<h2 align="center">Codebasics ML Course: Data Preprocessing: One Hot Encoding<h2>

In [1]:
import pandas as pd

df = pd.read_csv("home_prices.csv")
df

Unnamed: 0,locality,area_sqr_ft,price_lakhs,bedrooms
0,Kollur,656,39.0,2
1,Kollur,1260,83.2,2
2,Kollur,1057,86.6,3
3,Kollur,1259,59.0,2
4,Kollur,1800,140.0,3
5,Kollur,1325,80.1,2
6,Kollur,1085,116.0,3
7,Kollur,1110,45.0,2
8,Kollur,1700,100.0,3
9,Banjara Hills,1650,200.0,3


In [2]:
df_encoded = pd.get_dummies(df, columns=['locality'], drop_first=True)
df_encoded.sample(5)

Unnamed: 0,area_sqr_ft,price_lakhs,bedrooms,locality_Kollur,locality_Mankhal
16,1100,54.0,2,0,1
4,1800,140.0,3,1,0
7,1110,45.0,2,1,0
5,1325,80.1,2,1,0
19,1266,78.0,2,0,1


In [3]:
from sklearn.model_selection import train_test_split
from sklearn.linear_model import LinearRegression


X = df_encoded.drop('price_lakhs', axis=1)
y = df_encoded['price_lakhs']

# Train-test split
X_train, X_test, y_train, y_test = train_test_split(X, y, test_size=0.2, random_state=42)
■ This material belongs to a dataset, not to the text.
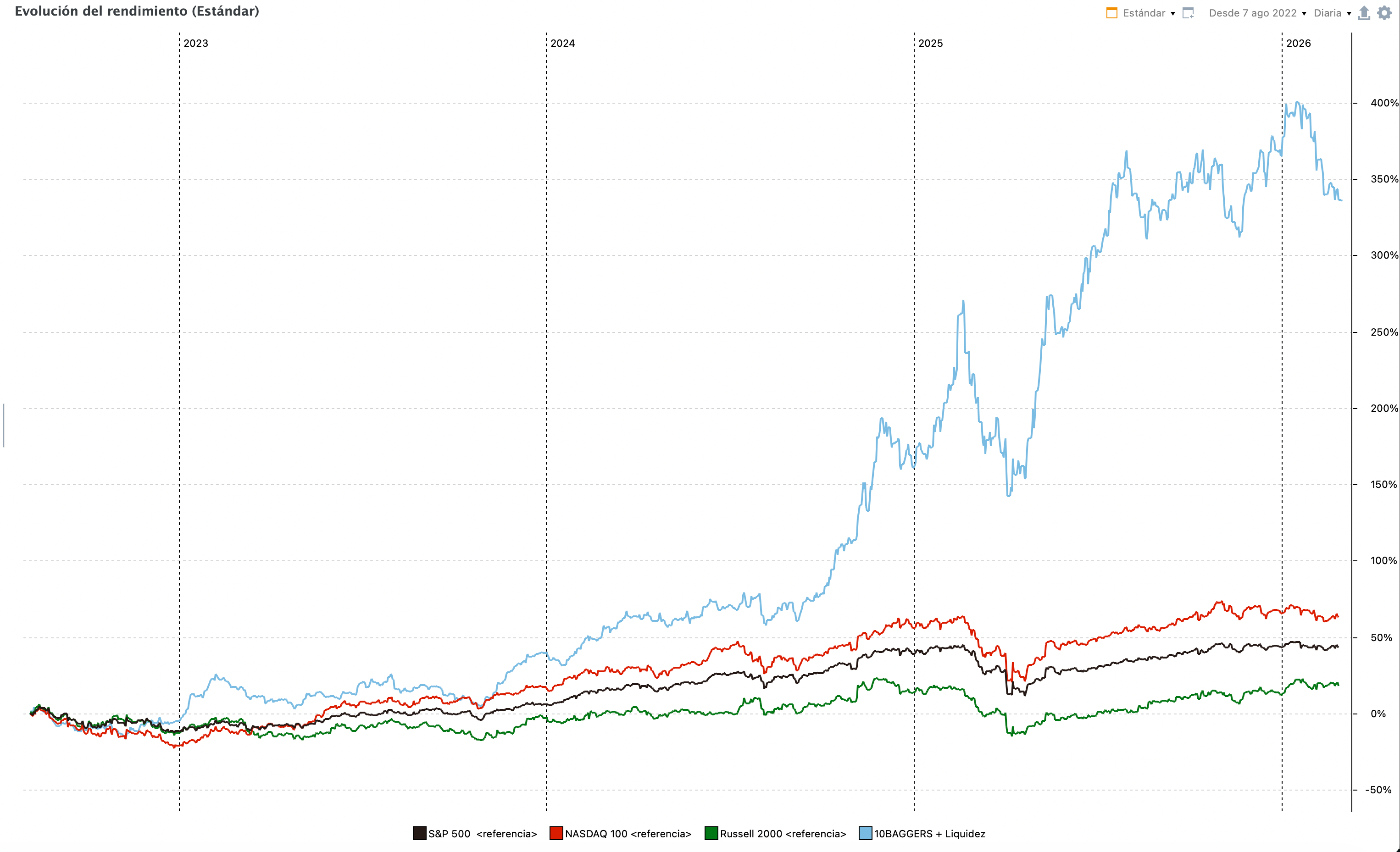 La segunda es la exposición gradual a la incomodidad. Cada corrección que atraviesas sin vender es un entrenamiento. La primera vez que tu cartera cae un 15% y no vendes, es difícil. La segunda, menos. La tercera, empiezas a ver el patrón. La cuarta, directamente la esperas con los brazos abiertos. No es estoicismo forzado, es memoria muscular financiera. Tu cerebro aprende que la caída no mató al inversor anterior, y esa memoria reduce la respuesta de amenaza en el siguiente episodio. En la imagen de debajo puedes ver cómo mi cartera bajó un 40% en apenas meses en 2025, yendo desde un +40% YTD a un 0%. En los últimos momentos llegué a dudar, y no lo pasé bien, para que engañarte. Al principio era una oportunidad y luego se convirtió en amenaza, pero sabía que había un plan y que los negocios estaban en el punto en que debían estar. La proliferación de catastrofistas y estímulos exacerbados me puso de frente al Sistema 1 de Kahneman. La realidad es que todo el proceso que te cuento en esta publicación me sirvió para, mediante aumentos de posición estratégicos y compras de nuevos valores, llegar a un final de año donde la subida compensó todo lo anterior. Mi mente había sufrido durante semanas para que, en el largo plazo, ese período jamás hubiese ocurrido (recuerda al Tottenham).

# Building the Linear Regression model
model = LinearRegression()
model.fit(X_train, y_train)

model.score(X_test, y_test)

0.8558905263155381

In [4]:
X_test

Unnamed: 0,area_sqr_ft,bedrooms,locality_Kollur,locality_Mankhal
0,656,2,1,0
13,2400,3,0,0
8,1700,3,1,0
1,1260,2,1,0
15,2600,3,0,0


### Model is trained. Now let's predict prices of homes

In [5]:
test = pd.DataFrame([
    {'area_sqr_ft': 1600, "bedrooms": 2, "locality_Kollur": False, "locality_Mankhal": False},
    {'area_sqr_ft': 1600, "bedrooms": 2, "locality_Kollur": False, "locality_Mankhal": True},
])

model.predict(test)

array([157.03383393, 109.25104283])

### You can also use sklearn OneHotEncoder class for one hot encoding

In [8]:
import numpy as np
from sklearn.preprocessing import OneHotEncoder

# Sample data
fruits = np.array([['Apple'], ['Banana'], ['Cherry'], ['Apple'], ['Cherry']])

# Initialize OneHotEncoder with custom parameters
encoder = OneHotEncoder(categories='auto', drop='first', sparse=False, handle_unknown='ignore')

# Fit and transform the data
one_hot_encoded = encoder.fit_transform(fruits)

print(one_hot_encoded)



[[0. 0.]
 [1. 0.]
 [0. 1.]
 [0. 0.]
 [0. 1.]]


### OneHotEncoder Parameters

1. **categories**: `'auto'` (default) or a list of array-like.
   - `'auto'`: Determine categories automatically from the training data.
   - List: Specify the categories manually for each feature.

2. **drop**: `None` (default), `'first'`, `'if_binary'`, or an array-like of shape (n_features,).
   - `None`: Retain all categories.
   - `'first'`: Drop the first category in each feature.
   - `'if_binary'`: Drop the first category in each feature with two categories.
   - Array: Specify which category to drop for each feature.

3. **sparse_output**: `True` (default) or `False`.
   - `True`: Return a sparse matrix.
   - `False`: Return a dense array.

4. **dtype**: Data type of the output, default is `numpy.float64`.

5. **handle_unknown**: `'error'` (default) or `'ignore'`.
   - `'error'`: Raise an error if an unknown category is encountered during transformation.
   - `'ignore'`: Ignore unknown categories and set the corresponding feature values to zero.

6. **min_frequency**: `None` (default) or an int/float.
   - Minimum frequency below which categories are grouped into a single category.

7. **max_categories**: `None` (default) or an int.
   - Maximum number of categories per feature. Categories with the lowest frequency are grouped together.

8. **feature_name_combiner**: `'concat'` (default) or a callable.
   - Method to combine feature names when there are multiple features.